Why? The explanation lies in the social and ideological composition of the Communist Party and in particular the dynamism of each stratum that forms a part of it. I want only to recall that the Communist Party is an amalgam in which, around the Bolshevik nucleus, are grouped the most diverse and heterogeneous elements: revolutionary peasants, free-thinking intellectuals, nationalist ex-partisans, vaguely socialist workers, etc. The tearing away of all these very diverse elements cannot, however, take place in a single direction.

In my opinion an intensification of the crisis in the CP will be of use to all parties except the small groups of ex-Communists, who will continue to tear themselves apart in their impotence and blame fantastic scapegoats for their own sterility. They are daily ridiculed, slandered and threatened by the Stalinist bureaucracy and they think to take revenge by using the same methods themselves. Having read a collection of truculent and acid phrases directed against opponents in the pamphlets of Lenin and Trotsky, they have ended up believing that this is the essence of revolutionary thought. Thus one sees excellent men grow old corroded by anger, their precious energies wasted.

[On] the orientation of the Italian Committee for Cultural Freedom, of which I am one of the supporters, I have to clarify this last point too.

Writers and artists of all liberal Italian tendencies make up the organisation. Four-fifths of the activities of this organisation is devoted to the defence of cultural freedom in Italy, which is endangered by the remnants of fascism, by the clerical right, and by a part of the state apparatus. We are in fact convinced that the duty of democrats is, above all, concern themselves with liberty in their own country. But within the limits of our possibilities we try, above all in our publications, to make Italian intellectuals aware of the dangers that menace us on the international plane.

On this point also, however, I want to make things clear: we reject the sophism of equidistance [he refers to equidistance from the two world blocs]. In the first national assembly of our organisation on 18 January 1953 a declaration was adopted in which one could read as follows.

“It would be an error to judge our open and irreconcilable opposition to totalitarian regimes of any kind and our critical vigilance over the imperfections and contingent tendencies that exist in the democratic regimes as a position of equidistance. In reality, in totalitarian regimes we condemn that political structure which does not permit the least expression for the individuals and classes that suffer under it, while in democratic countries we consider ourselves responsible citizens.”

Without taking back the approval I gave this formulation at that time, I would now be more cautious in affirming that in totalitarian countries the oppressed are not able to protest: the facts of 17 June in East German and the Vorkuta strikes have demonstrated the contrary. For the liberation of oppressed countries, I put my hopes in revolution and not in war.

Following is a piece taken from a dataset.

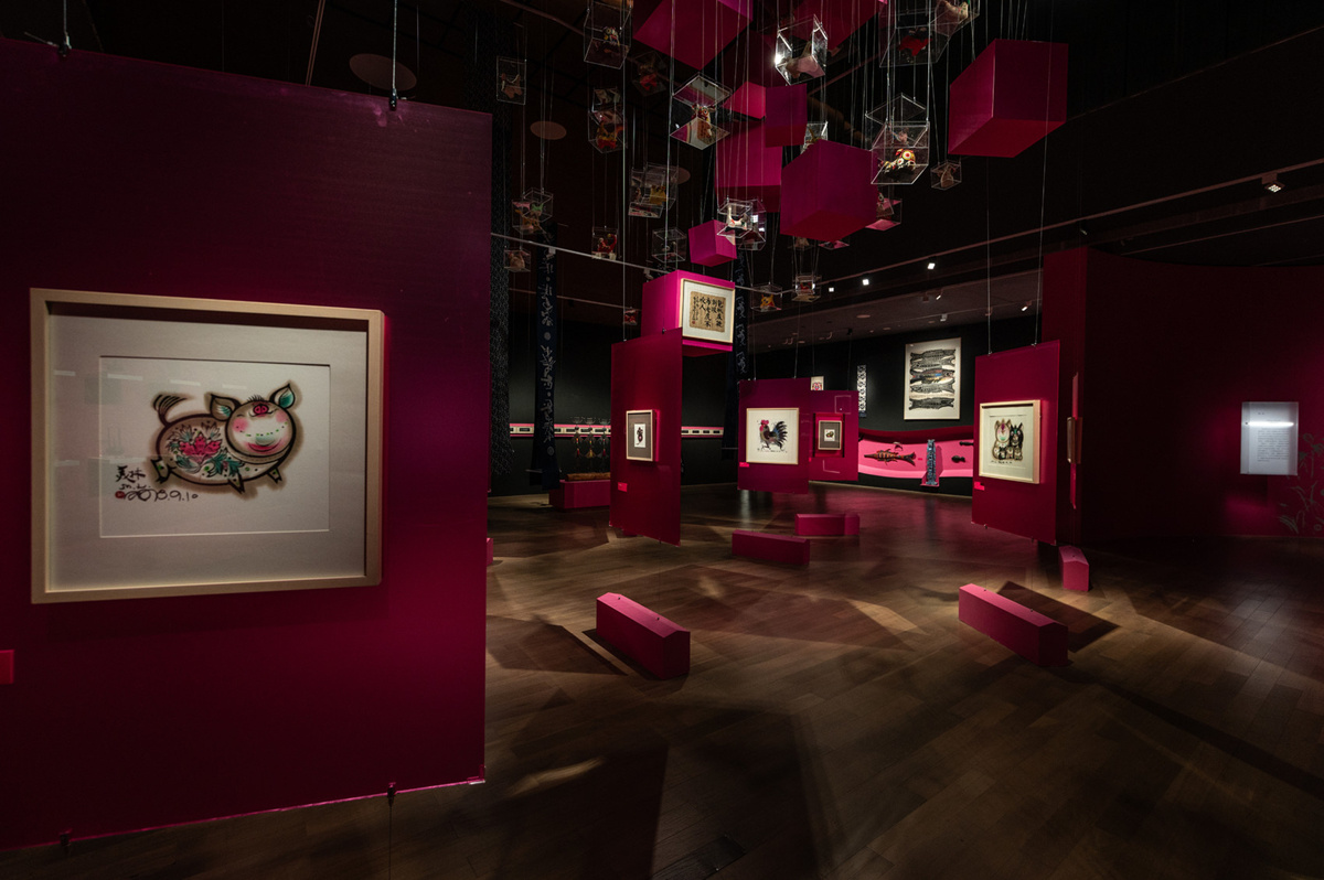 在“万物可爱”展区,错落的光影营造出森林般的沉浸氛围。观众可近距离观赏《母与子》青铜雕塑群中温情的亲子互动,亦可驻足于数十件动物水墨前,感受憨态可掬的生命意趣。特别打造的“熊猫彩蛋”专区,包含熊猫水墨画、雕塑、原版邮票等展览内容,还有百余只环保纸熊猫错落“攀爬”在竹林间,等待观众打卡。

Hal Draper: “An open letter to Ignazio Silone”

Dear Comrade Silone: We were glad to publish your political statement in Labor Action, for we know that what you have to say will be of justifiably great interest to all who admire your novels as well as all who respect your past contributions to the struggle for socialism and human rights.

If we seek to continue the dialogue now, it is because of our feeling that your statement does not do justice to the need which prompted it. That need is the need which every politically responsible person faces of confronting his views of today with his views of yesterday and accounting for the transformation.

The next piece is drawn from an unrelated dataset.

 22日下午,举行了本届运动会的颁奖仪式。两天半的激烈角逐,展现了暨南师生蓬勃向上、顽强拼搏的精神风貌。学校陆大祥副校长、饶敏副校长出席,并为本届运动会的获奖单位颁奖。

We have no thought of questioning the propriety of changing one’s mind, even of changing one’s mind from being a principled opponent of imperialist war to being a critical supporter of one of the imperialist war blocs. But do you feel that you have adequately faced, and presented, the grounds on which you have gone through this political transubstantiation?

We can go only on your present statement for we know of no other place where you have discussed this quintessential point, this heart of contemporary socialist politics, this touchstone for the revitalisation of an independent socialist movement.

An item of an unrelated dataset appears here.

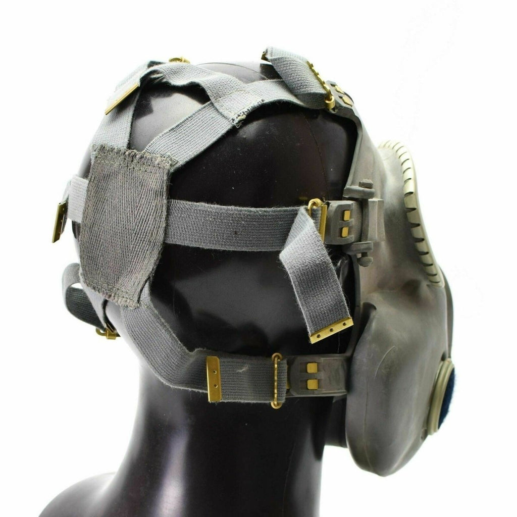 Die MP4-Vintage-Gasmaske besteht aus einer Gummi-Gesichtsmaske und einem Satz austauschbarer Filter, die an der Maske befestigt werden können. Die Filter dienen dazu, bestimmte Arten von Schadstoffen aus der Luft zu entfernen, beispielsweise Partikel, Gase oder Dämpfe.

And therefore we have some questions to pose on whether this statement of yours has truly presented a rationale for support of the “Atlantic” camp of imperialism, or whether it has avoided answering the insistent questions which demand replies from your politics.

Before doing so, we had better make clear what we are not questioning at this point, to avoid misunderstanding.

We are, it goes without saying, happy at your insistence, even today, on liberation of the oppressed peoples not by external warmakers but by their own revolution: and at your continued adherence to the socialist aim. Nor are we questioning, in this space, your views on Marxism, or, Proudhonism, on orthodoxies, on philosophy, on the difficulties of the Italian socialist movement or the clashes within it, on the composition of the Italian CP or the dynamics of its crisis, etc. — interesting and important as all these matters are.

We are here raising only the question: Why have you abandoned the ideas of Third Camp internationalism, as you explained them in your brilliant 1939 interview reprinted elsewhere in these pages? and why have you become a critical supporter of one of the war blocs?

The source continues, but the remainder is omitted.